- ACTIVITY -
All of the data below should be printed again word for word, pictures excluded.

- THE DATA -
****

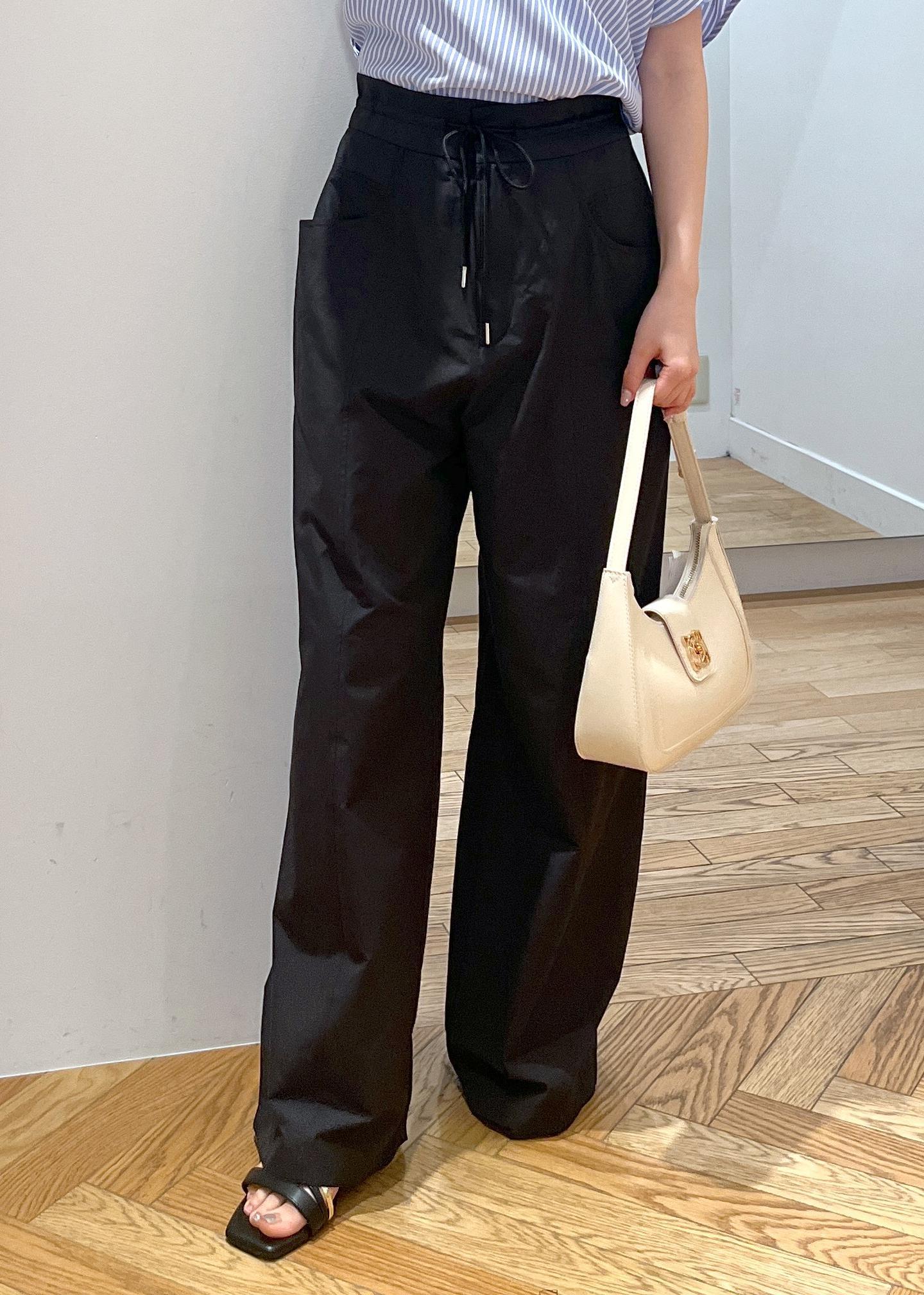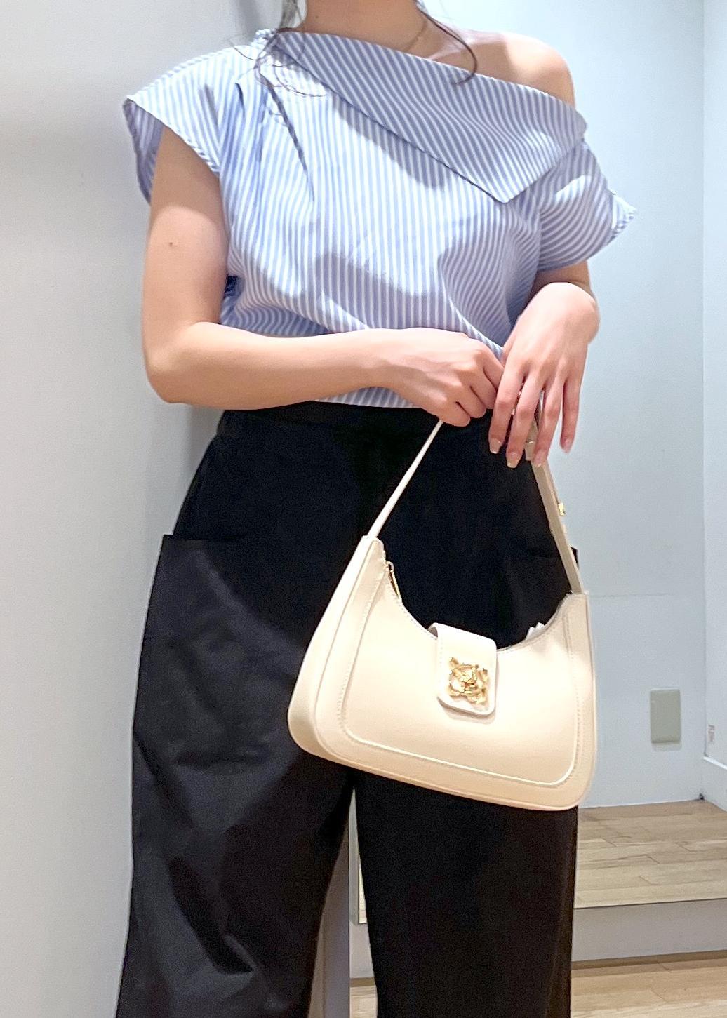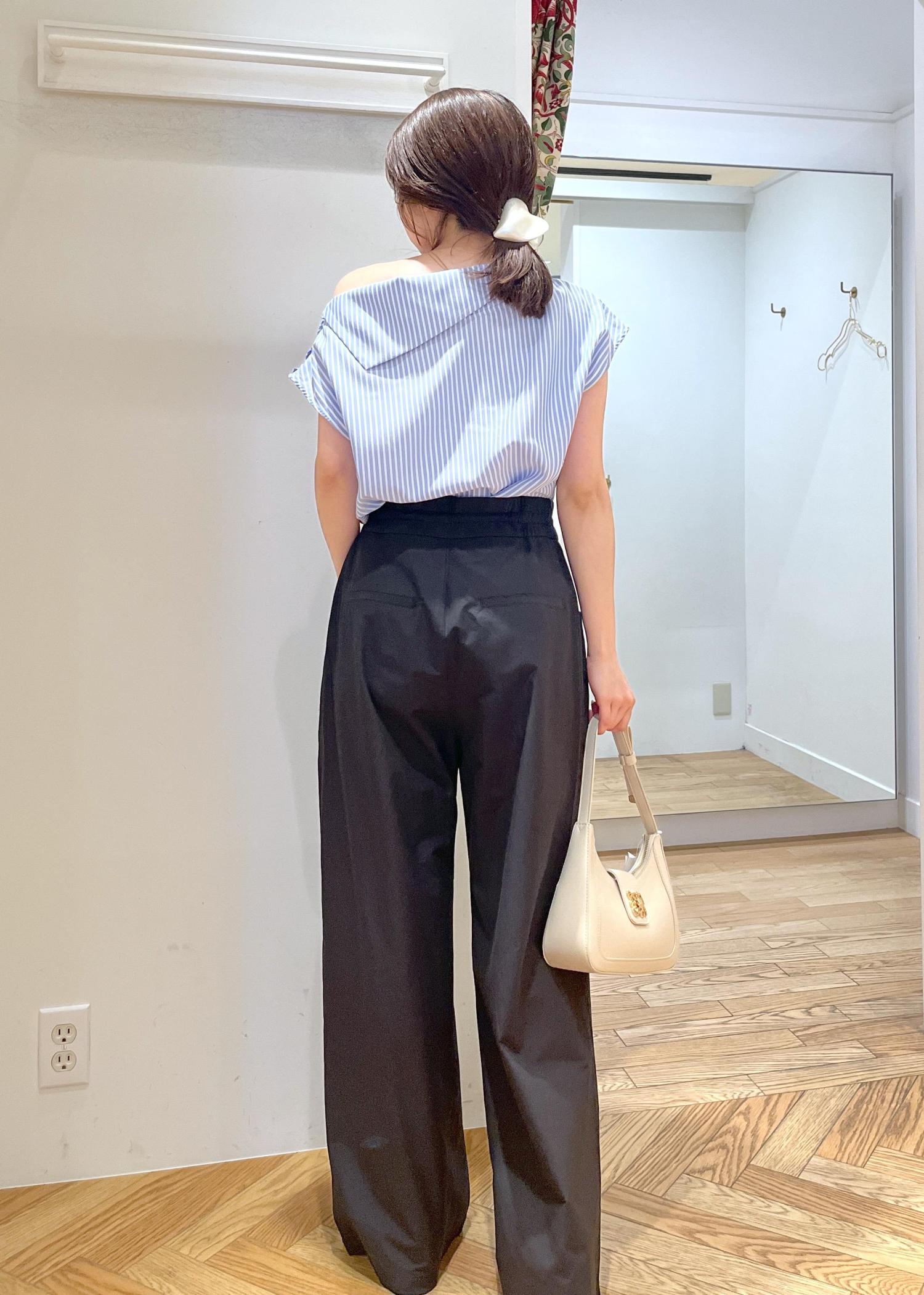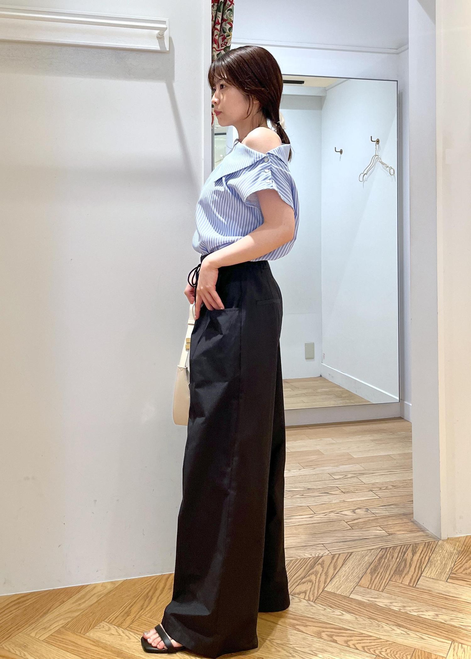 シャカシャカパンツにワンショルダーブラウスを合わせて大人カジュアルに!
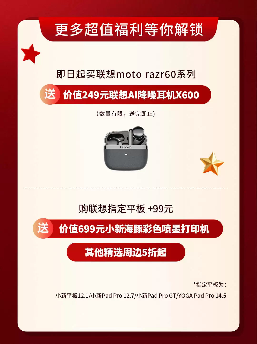 即日起购买联想moto razr 60系列,还可附赠价值249元的联想AI降噪耳机X600,无论是在嘈杂的旅途还是需要专注的学习环境中,都能为用户带来沉浸式的音频体验。购机用户还可享受精选周边产品5折起优惠,购买联想指定平板机型加99元即得小新海豚打印机等等。多项福利联动,助力大家在国庆期间都能轻松配置想要的AI装备。
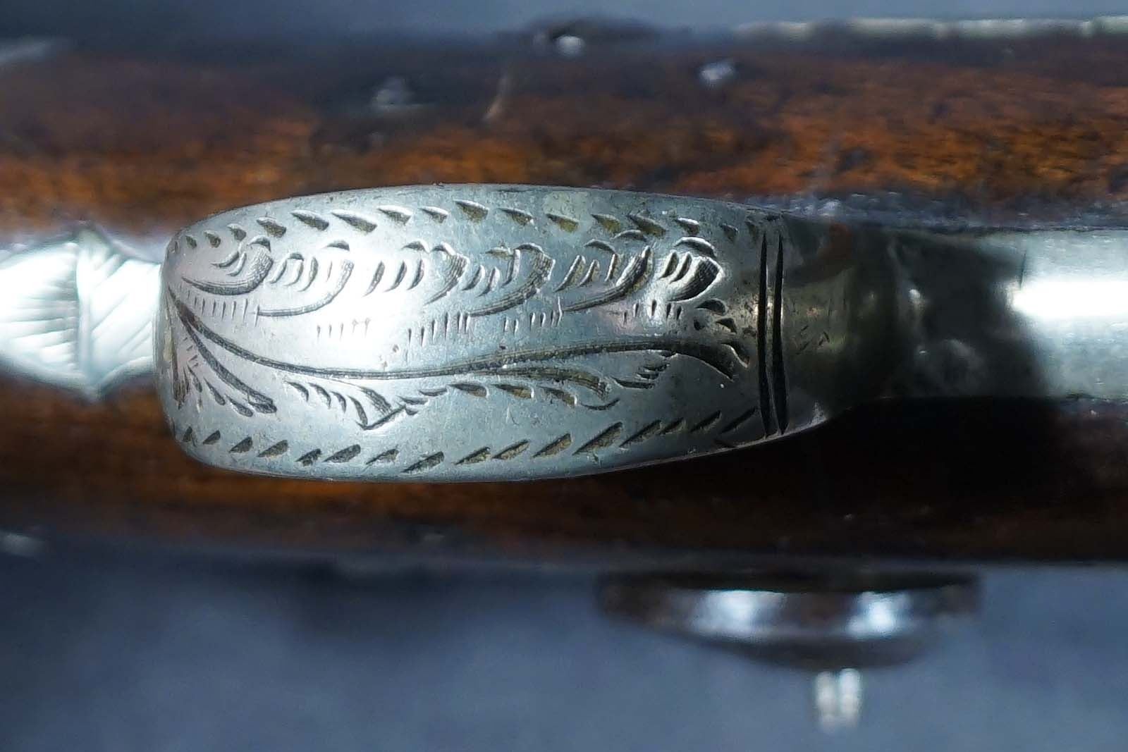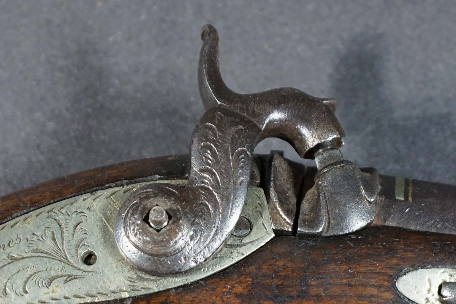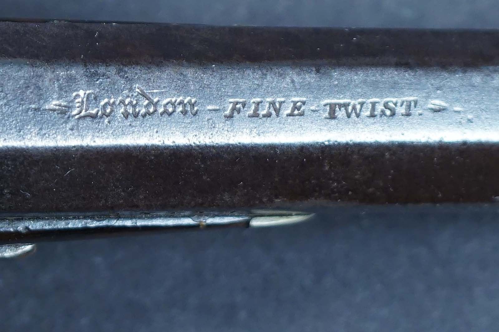 Numbered on the side of the barrel : *1418 . An attractive piece. The phrase "London Fine Twist" refers to the barriel being made of Damascus steel, and is not an indication of origin. English or continenental pistols would have proof marks, the lack of whick would indicate a North American origin.

****

- RESULT OF THIS EXERCISE -
 シャカシャカパンツにワンショルダーブラウスを合わせて大人カジュアルに!
 即日起购买联想moto razr 60系列,还可附赠价值249元的联想AI降噪耳机X600,无论是在嘈杂的旅途还是需要专注的学习环境中,都能为用户带来沉浸式的音频体验。购机用户还可享受精选周边产品5折起优惠,购买联想指定平板机型加99元即得小新海豚打印机等等。多项福利联动,助力大家在国庆期间都能轻松配置想要的AI装备。
 Numbered on the side of the barrel : *1418 . An attractive piece. The phrase "London Fine Twist" refers to the barriel being made of Damascus steel, and is not an indication of origin. English or continenental pistols would have proof marks, the lack of whick would indicate a North American origin.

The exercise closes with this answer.